Internal Hospitality

“What exactly is ‘hospitality?” I asked my former college roommate.  She had completed her degree in Hotel & Restaurant Management twenty years earlier, and I remembered she had had a course in hospitality.

“I’m interviewing for a Vice President of Hospitality role, and I wanted your take on the definition.”

“It’s really simple,” she said. “Hospitality is welcoming people. It is having a generous spirit.”

It was a pivotal moment.  I realized I had been living and working in hospitality all my life. It was my essence. I just hadn’t known how to label it.

From my first job as a busgirl at a local steakhouse, to my many retail jobs, to sales and management roles, treating customers with genuine kindness had come naturally to me. Hospitality pros have keen awareness from the customers points of view, and they can’t help but notice standards of hospitality wherever they go – noting tone of voice, eye contact, and gestures of baristas, clerks, waiters, and bank tellers.  They are aware of how they are made to feel, because Hospitality is the business of feelings.

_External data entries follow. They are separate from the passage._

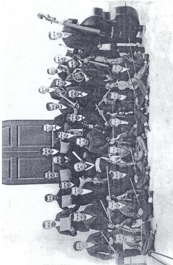
Hrvatsko pjevačko društvo 'Zvonimir' - Muo 27. VIII 1896.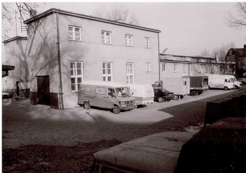
WIDOK CAŁOŚCI OD PŁD. ZACHODU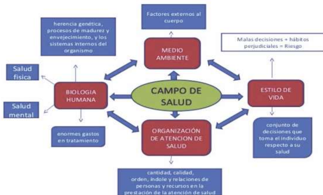
Figura N°4. Interrelaciones entre los factores determinantes de la salud.

Dentro de los factores determinantes de la salud se encuentra el estilo de vida, condiciones ambientales, genética y servicios de salud. En cuestión del medio ambiente se encuentra los agentes físicos, químico, biológico, psicosocial y cultural. En cuanto al estilo de vida está la toma de decisiones y hábitos de vida. En la biología humana se encuentra la herencia, maduración y envejecimiento. En cuanto al sistema de salud también juega un importante rol para la salud de Socoltenalgo así como de otros municipios, pues este se encarga de la prevención; que es un punto muy importante que los servicios de salud deben de tener y dar a conocer para que la población prevenga enfermedades, así como también está la curación y restauración para aquellas personas que necesiten de un seguimiento o rehabilitación para brindarle una mejor calidad de vida.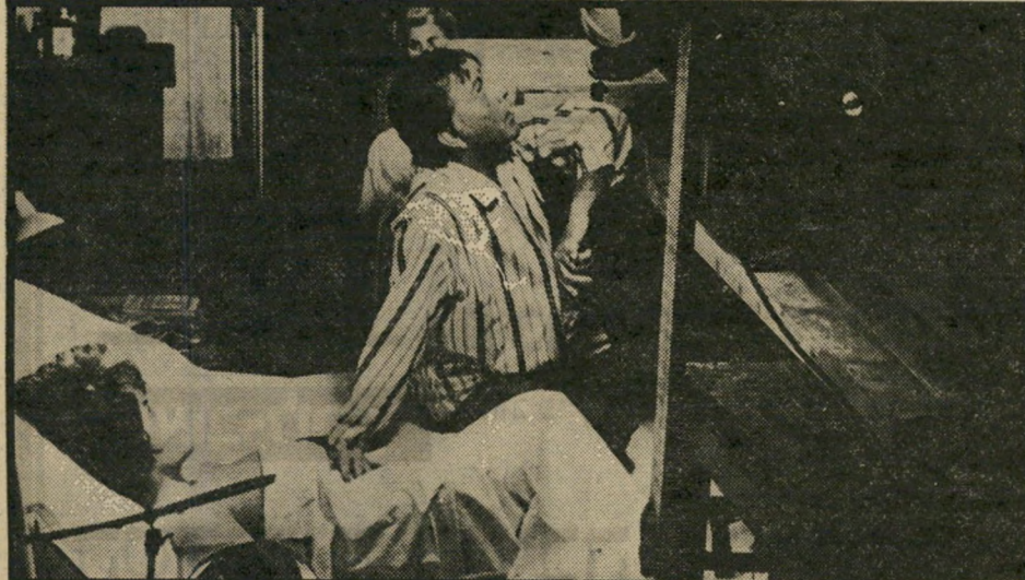
המיטה הציבורית: מעמד מתוך סרטם המשותף של ברטון-טיילור, "השחקנים"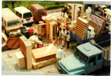
荆江分洪区群众为荆江分洪作准备。图为转移现场。

True hospitality comes from a pure heart, and it is non-discriminating. I was recently working with a client that employs a superstar salesperson. He cares for his guests, offering them his knowledge, passion, and warmth. Yet, with his coworkers, he can be gruff and dismissive. The cost of his sales success is the diminished productivity of his coworkers.

Service industries seek professionals to represent their brands in a positive manner. Having a staff that genuinely cares about their customers is a necessity for a sustainable business. No matter what the industry, all organizations are in the business of hospitality. Accountants have clients, chefs have vendors, and artists have suppliers. Success in businesses happen through successful relationships. And relationships within the company are even more important that customer relationships.

Creating a culture of internal hospitality, where employees treat one another with the same consideration they treat their customers, can be powerful. In 2013, scientists gathered at Stanford University at a “Kindness and Compassion” conference, sponsored by the Center for Compassion and Altruism Research and Education. Olivia O’Neill, who studied the effects of companionate love in the workplace, facilitated a panel of psychologists and organizational scholars. They shared that when employees get burned out, they’re not capable of feeling caring or compassionate. And if leaders feel stressed, it is a contagion to their staff. A culture of kindness can make a significant difference to the company. Skewing to the compassionate reduces turnover, absenteeism, and makes recruiting easier. Happier employees make for happier customers.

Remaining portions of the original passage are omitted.